This is the boiling-point elevation equation:
$$ \Delta\mathrm{T}_{b}=ib\mathrm{K}_{eb}. $$
If we do the limit of the above, for $b\rightarrow\infty$ we find that the boiling-point elevation is infinite. How this could be explained under a physical view?

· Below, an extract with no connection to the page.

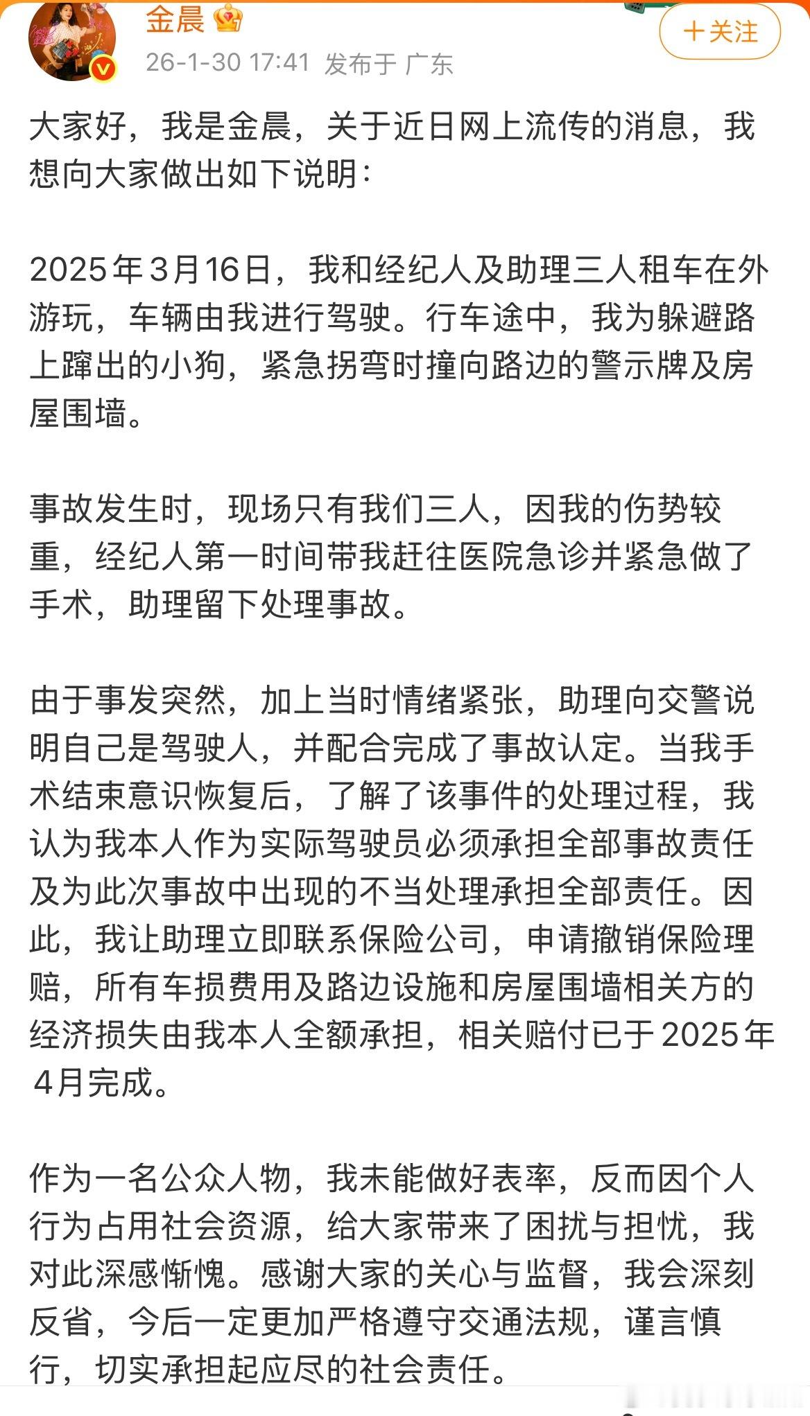 警方通报金晨事件金晨道歉 我就说这事没那么简单,金晨一没酒驾,二没无证驾驶,为什么会肇事逃逸?感觉像是狗仔有预谋的一场炒作,都快过去一年了,现在翻出来肯定是有什么目的!看金晨当时受伤的照片就知道挺严重的,肯定要先去医院治疗,至于助理为什么撒谎说她开的车,可能也是护主心切,但后来金晨也撤销了保险理赔,也就不存在什么骗保,一个一线女星还不至于骗保险公司那点钱。再说回来事故原因是为了躲避路上突然蹿出来的小狗,开车的应该都深有体会,如果撞上去可能人没事,但是小狗估计就死了,我只能说金晨还是太善良了金晨被曝肇事逃逸被撞墙农户已获赔

$$ \lim_{b~\rightarrow~\infty}ib\mathrm{K}_{eb}=\infty,~\text{if}~i\wedge b > 0. $$
For example, if we use a solute molality that is so big that the solution would be something like the pure solute, the final boiling-point of the solution, in the case of water as solvent for example:
$$ \mathrm{T}_{b}=ib\mathrm{K}_{eb} + 100\mathrm{°C}. $$
wouldn't be like the boiling-point of the pure solute? I mean, something like this:
$$ \lim_{b~\rightarrow~\infty}\mathrm{T}_{solution}=\mathrm{T}_{solute}. $$
Now, please forget what I've said above about $b\rightarrow\infty$. And take a look at this:
$$ T(b) = 0.86b + 64.7. $$
As you can see is, the boiling-point of a solution of $\mathrm{CH_3OH}$ with $\mathrm{H_2O}$ as solute would be $322.7\mathrm{°C}$ for $b = 300$. This it's weird to me 'cause that temperature would be about three times higher then the boiling-point of the pure water!
So the following:
$$ \mathrm{T}_{b}=ib\mathrm{K}_{eb} + \mathrm{T_{solvent}}. $$
holds true if
$$ b = \frac{x~\mathrm{g}_{solute}}{1000~\mathrm{g}_{solvent}} \le 1 $$
right? If yes why (in the above case):
$$ 0.86\frac{1000~\mathrm{g}}{18.01528~\mathrm{g}/\mathrm{mol}}\frac{1~\mathrm{mol}^2}{1~\mathrm{kg}} + 64.7~\mathrm{°C} = 112.4~\mathrm{°C} $$
?